Early into the first chapter ‘The Sound of Blank Verse’, Shaw has this to say: “The lazy way to think about blank verse is to view it as a compromise between rhyming metrical verse on the one hand and free verse on the other. A poet who devotes serious attention to these three forms will quickly realize that blank verse is something more than a halfway house between rhyme and open form. It has characteristics that give it a unique set of capabilities, setting it distinctly apart from either of these alternatives.”(3) On the next page, he qualifies those characteristics: “Freedom and fixity are both at play in the form. Unchecked and unsegmented by patterns of rhyme, it can accommodate prodigious flows of utterances; in that sense it is freer. At the same time, unlike free verse, it has a set length of line and recurring number of beats, and while poets in practice may allow themselves flexible rhythms and even occasional metrical substitutions, these attain expressive power precisely because the standard iambic pentameter is there as a basis, a point to vary from.”(4)

As Wallace Stevens and James Merrill, et al, have shown, there is no restriction as to subject matter applicable to the use of blank verse: “Just as this form diversified in terms of mode -- moving successively from drama through epic to other narrative, meditative, descriptive, and lyric types -- so is has proven able to deal with subjects decorous or rough, exalted or mundane.”(5) Shaw does cite certain restrictions on the use of blank verse, such as “Any kind of free verse that depends on visual effects is, of course, one of these untransposable forms. This would include not only the freewheeling typewriter art of E.E. Cummings but many short-lined poems by William Carlos Williams and others, in which line groupings, enjambments, and deliberate fragmentation contribute importantly to the ultimate meaning.”(7-8) He does indicate that, in certain circumstances, blank verse can be substituted for metrical verse acknowledging that “good blank-verse sonnets exist”(8) [for an entire book see Karen Volkman’s Nomina] although he seems doubtful as to its effectiveness in very short poems: “Without room to display many of the devices that, for it, supply distinctive auditory and structural functions, the few lines may seem fragmentary or tentative jottings rather than finished works of art.”(9)
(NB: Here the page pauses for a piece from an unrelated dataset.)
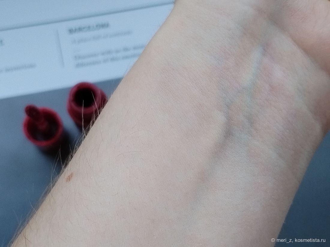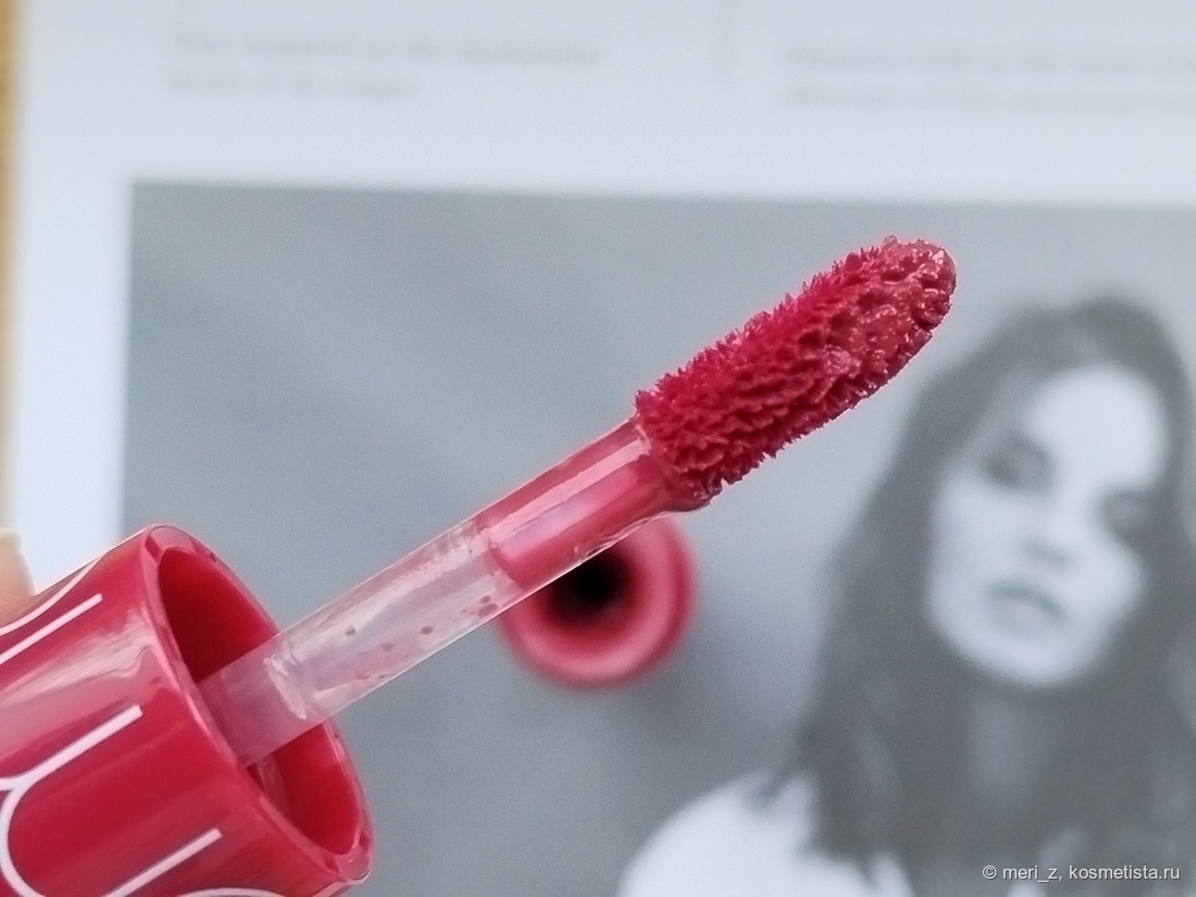 - Этот тинт относительно помад, которые есть в моей коллекции, достаточно стойкий. Фиксируется на губах. Вельветовый тинт из этого же набора легко через некоторое время «сместить», он «подвижный», смыкать губы надо осторожно :) Тут же я такого пока не заметила.

Following discussion of the relationship between prose and the iambic pentameter of blank verse, and of the rudiments of scanning such lines, Shaw enters the important discussion of the distinction between meter and rhythm, stating “Rather than adhering in lockstep fashion to the paradigm, well-written lines of iambic pentameter will correspond to it in more relative ways, generally following the fluctuations between weaker and stronger syllables, but doing so with ever-shifting modulations. The difference between weak and strong will be at some points emphatic, while at other points it will be less pronounced.”(16) Extending this discussion to metrical substitution, he says “Iambic pentameter, as used by the masters of blank verse, is not skeleton alone but muscle and tendon, capable of bending and stretching to give adequate mobility to language and to the thoughts language embodies.”(18) Shaw completes the chapter with a flurry of poems demonstrating the versatility of blank verse.

The next chapter provided the historical context for the invention and use of blank verse ‘Before The Twentieth Century’. It opens with a lament regarding the state of poetry at the time of Chaucer and the inability of poets of that time to handle the decasyllabic line which Chaucer used so adeptly:
The invention of blank verse in England is part of a larger story of the rescue of poetry from this state of prosodic anarchy. Here, too, some parts of the story remain mysterious. The poets who smoothed out the crimps in the decasyllabic line may not have been aiming at the accentual-syllabic line that we would call iambic pentameter. It is possible that they were trying simply to emulate the regular syllable count of verse written in Romance languages such as French and Italian -- verse that is scanned without regard to accent. (23)

The first use of English blank verse took place around 1540 when Henry Howard translated books 2 and 4 of Virgil’s Aeneid into English. These translations eventually found themselves published in Tottel’s justly famed book of 1557 which has come to be known as Tottel’s Miscellany. The Aeneid itself was written in unrhymed hexameter and a precursor to Henry’s translation took place in Italy where it had been translated into ten or eleven syllable unrhymed lines. The next major development took place in drama when Thomas Norton and Thomas Sackville, in writing the play Gorbuduc, attempted to imitate the Latin unrhymed classical meter of Seneca. Shaw justly criticizes these early users of blank verse for their stiffness and didacticism heralding Christopher Marlow as the saviour of English drama: “Marlowe was the first playwright able to make blank verse an effective medium for drama.” (37).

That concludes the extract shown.